__Data supplied__
# # # #

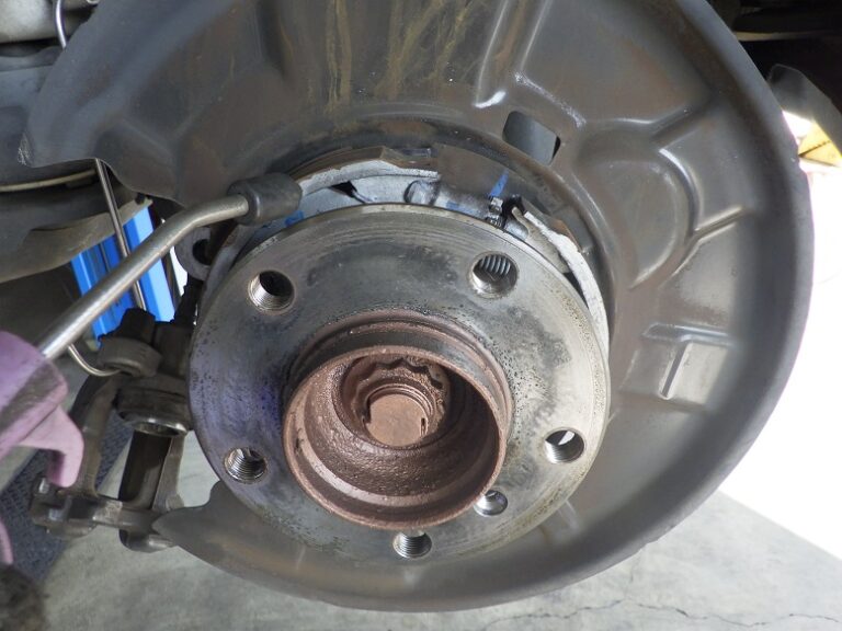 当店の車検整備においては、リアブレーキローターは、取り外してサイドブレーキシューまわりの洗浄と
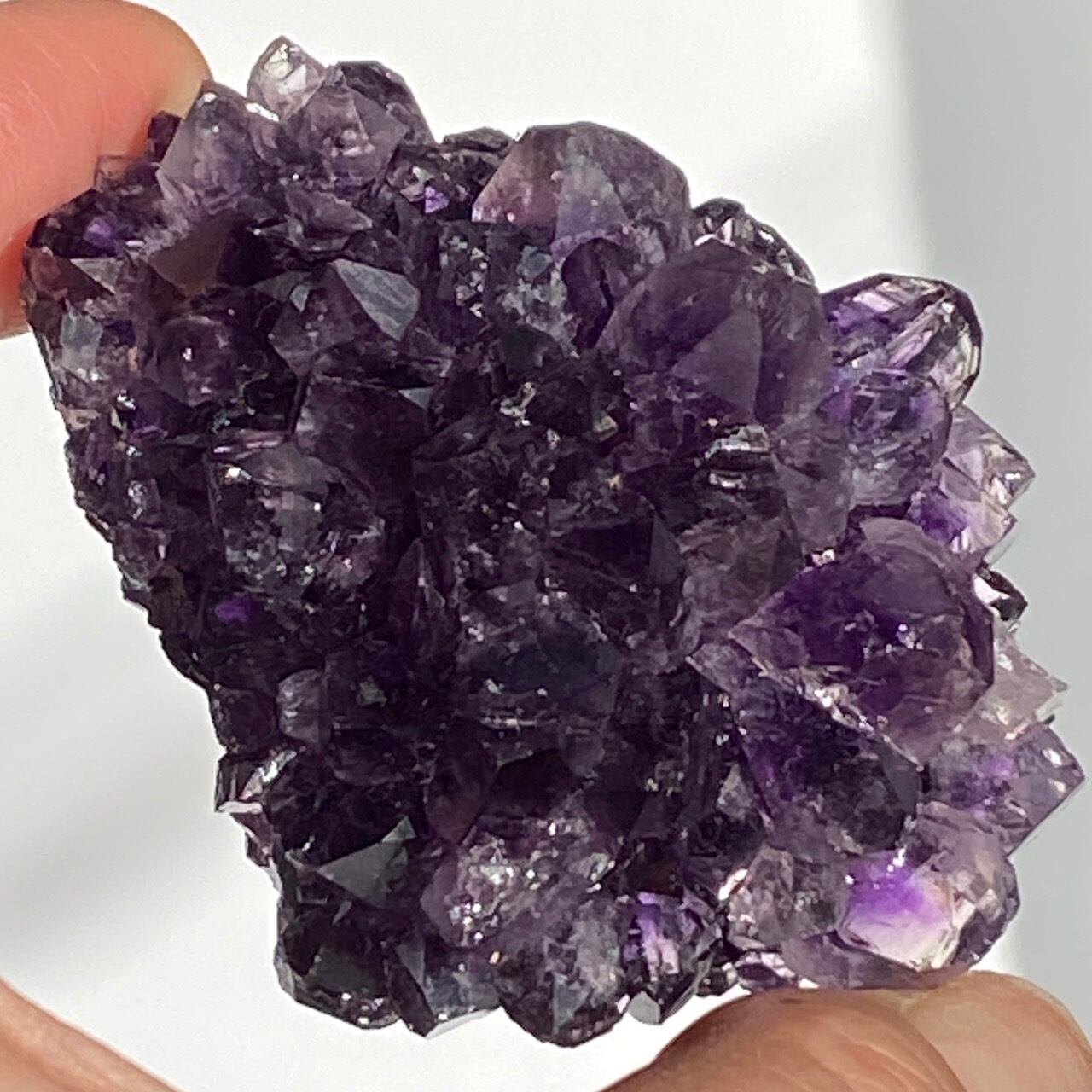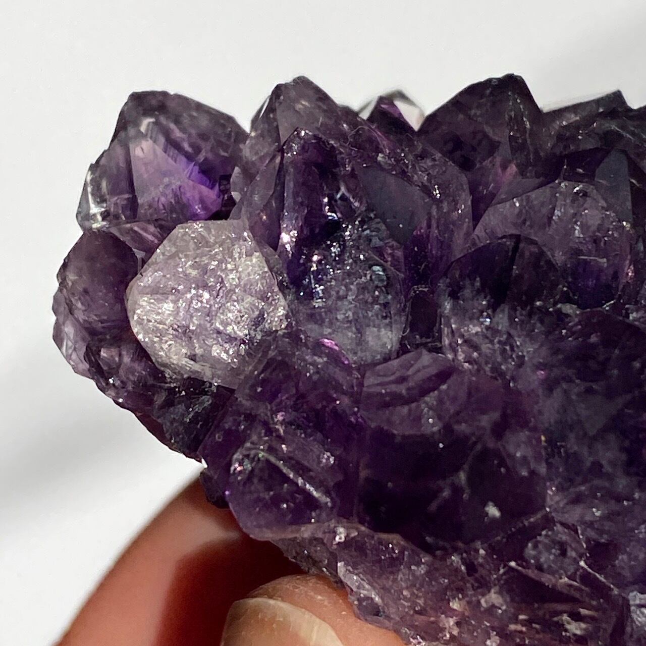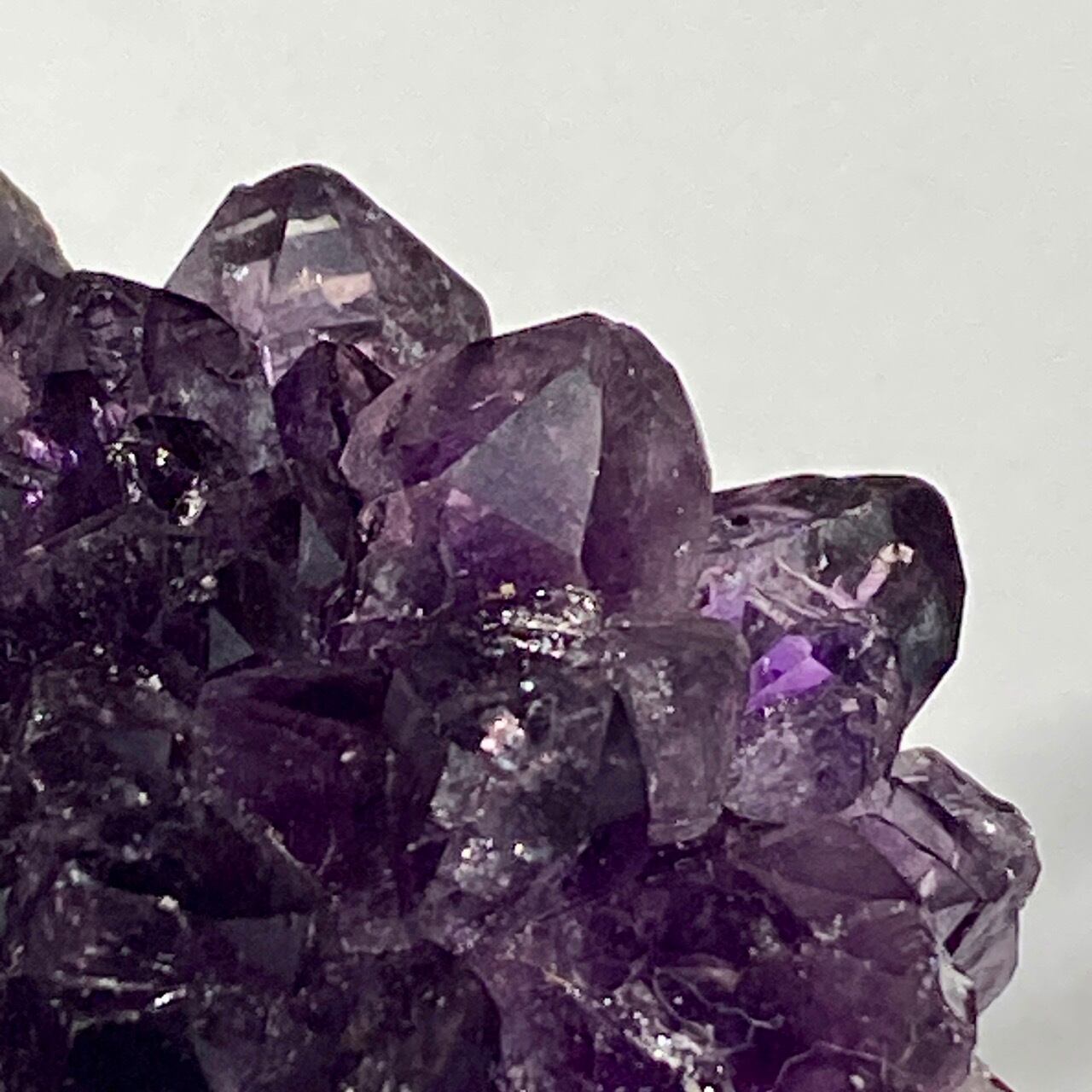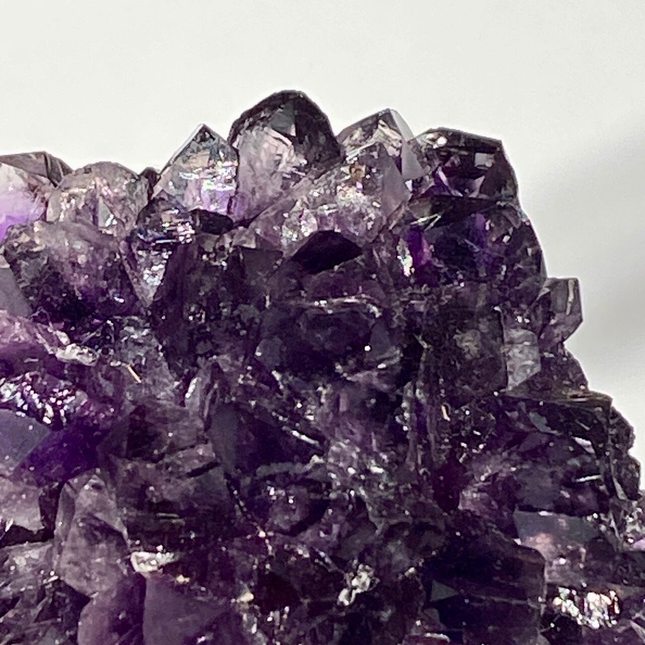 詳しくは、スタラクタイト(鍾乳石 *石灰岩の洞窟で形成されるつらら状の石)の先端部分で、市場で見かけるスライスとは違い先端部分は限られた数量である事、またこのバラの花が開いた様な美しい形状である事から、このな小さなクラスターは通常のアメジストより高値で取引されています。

# # # #

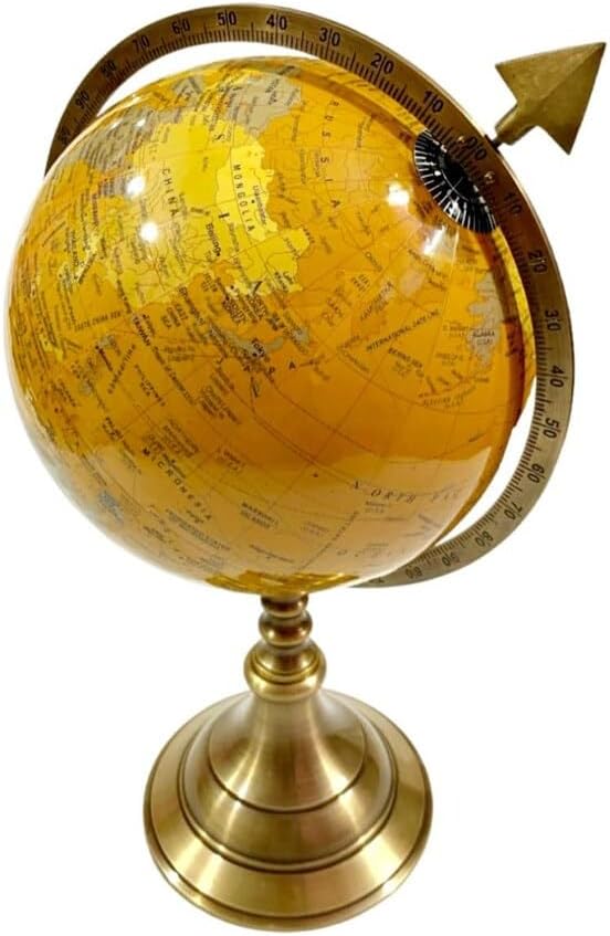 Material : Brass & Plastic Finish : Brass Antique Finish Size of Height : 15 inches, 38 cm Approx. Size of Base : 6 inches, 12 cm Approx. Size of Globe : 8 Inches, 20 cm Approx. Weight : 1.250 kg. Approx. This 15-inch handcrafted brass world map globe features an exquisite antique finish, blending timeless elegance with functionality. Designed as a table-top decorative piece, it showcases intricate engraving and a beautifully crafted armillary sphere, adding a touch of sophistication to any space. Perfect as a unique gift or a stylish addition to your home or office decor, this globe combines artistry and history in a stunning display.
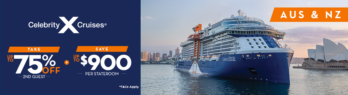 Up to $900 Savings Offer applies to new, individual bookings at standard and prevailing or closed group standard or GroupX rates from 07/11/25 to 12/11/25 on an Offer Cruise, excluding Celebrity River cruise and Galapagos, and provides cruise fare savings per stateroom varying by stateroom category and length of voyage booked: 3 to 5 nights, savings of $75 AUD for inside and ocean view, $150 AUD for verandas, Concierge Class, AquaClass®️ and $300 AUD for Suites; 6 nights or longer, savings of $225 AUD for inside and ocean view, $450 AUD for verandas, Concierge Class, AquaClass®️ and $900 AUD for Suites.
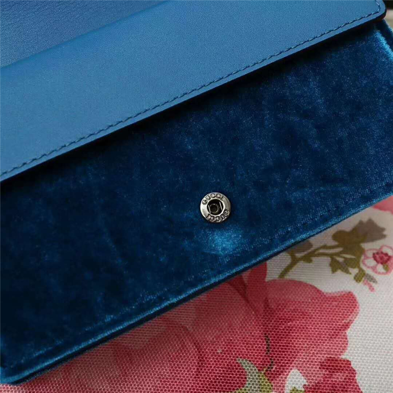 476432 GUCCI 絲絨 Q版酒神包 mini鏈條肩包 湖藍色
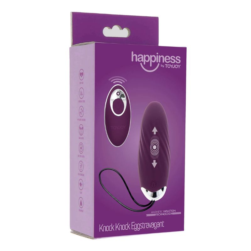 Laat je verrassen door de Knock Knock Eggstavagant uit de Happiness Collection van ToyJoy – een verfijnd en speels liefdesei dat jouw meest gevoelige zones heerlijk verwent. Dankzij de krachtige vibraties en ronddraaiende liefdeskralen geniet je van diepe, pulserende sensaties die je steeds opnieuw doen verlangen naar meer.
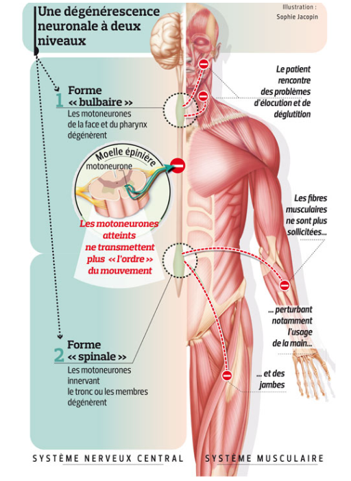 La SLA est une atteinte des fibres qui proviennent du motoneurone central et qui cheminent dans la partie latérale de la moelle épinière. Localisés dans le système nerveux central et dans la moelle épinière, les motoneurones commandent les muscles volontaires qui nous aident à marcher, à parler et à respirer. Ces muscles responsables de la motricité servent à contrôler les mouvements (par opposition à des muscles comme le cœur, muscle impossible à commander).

# # # #

__The task__
Look above for the line with "当店の車検整備においては、リ", then give again exactly every line from there through the line with "詳しくは、スタラクタイト(鍾", skipping the pictures.

__Result of the exercise__
 当店の車検整備においては、リアブレーキローターは、取り外してサイドブレーキシューまわりの洗浄と
 詳しくは、スタラクタイト(鍾乳石 *石灰岩の洞窟で形成されるつらら状の石)の先端部分で、市場で見かけるスライスとは違い先端部分は限られた数量である事、またこのバラの花が開いた様な美しい形状である事から、このな小さなクラスターは通常のアメジストより高値で取引されています。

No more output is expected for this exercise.